The unknown copy number variation of the genome is studied by a comparative microarray-based genomic hybridization (CGH) method, by which the variation in the DNA copy number between the genome of a test sample and the genome of a control sample can be detected by simultaneously hybridizing samples (test sample and control sample) labeled with different fluorescein on one chip. The probes of the CGH chip cover the whole genome, and the CGH chip has the characteristics of high throughput, sensitivity, accuracy and resolution, and the test data has higher reliability. However, the resolution of CGH chips is at Mb level, and copy number variants of smaller fragments are not easily detected. Meanwhile, the detection operation is complicated, the time consumption is long, the cost is high, a large amount of template DNA is needed, and the large-scale popularization is not facilitated. The New Generation Sequencing (NGS) technology overcomes some inherent defects of the hybridization technology, and the application of pair sequencing can identify complex structural changes, improve the detection resolution, but has higher cost.

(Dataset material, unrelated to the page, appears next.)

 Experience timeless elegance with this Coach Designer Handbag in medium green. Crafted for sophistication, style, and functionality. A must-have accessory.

For the detection of established CNVs, several methods based on PCR and hybridization techniques are generally employed. Such as qPCR, QMPSF, MLPA, FISH, Southern blotting and MAPH. Among them, real-time fluorescent quantitative PCR (qPCR) is most commonly used. The method mainly includes two types, namely a fluorescent dye embedding method and a fluorescent hybridization probe method, according to different fluorescent chemical methods used by qPCR. The dye method has the advantages of low experimental cost, no need of designing and synthesizing probes,The method is convenient to use, and can detect the absolute copy number of the target fragment. For example, the amount of genomic DNA can be reflected by detecting the intensity of fluorescent signal by adding an excessive amount of SYBR Green dye molecules to the PCR reaction system, and the amount of genomic DNA can be reflected by relatively quantifying the target gene (with copy number variation) and the reference gene (without copy number variation) according to 2-ΔΔCtThe method statistics may detect the copy number of the candidate gene region of the sample.

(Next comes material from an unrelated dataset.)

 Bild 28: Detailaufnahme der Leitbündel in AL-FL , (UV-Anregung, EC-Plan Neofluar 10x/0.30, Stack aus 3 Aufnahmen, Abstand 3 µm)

Chord-like 1(CHRDL1) is a secreted glycoprotein with repeated cysteine-rich domains that binds to ligands of the BMPs family and is an antagonist of secreted Bone Morphogenetic Proteins (BMPs) expressed in mesenchymal tissues. The ability of CHRDL1 to enhance BMP-4 activity may be an important mechanism to elucidate the mechanisms of osteogenic differentiation and bone remodeling by human mesenchymal stem cells (hBMSCs). In the process of forming bone of hBMSCs, the function of BMP-4 is enhanced and depends on the regulation of CHRDL1 gene in BMP-SMAD signaling pathway.
At present, no literature report about the influence of CHRDL1 gene CNV on the growth traits of local cattle breeds is found.
Disclosure of Invention
The invention aims to provide a method for quickly and auxiliarily detecting growth traits of cattle CHRDL1 gene CNV markers and application thereof.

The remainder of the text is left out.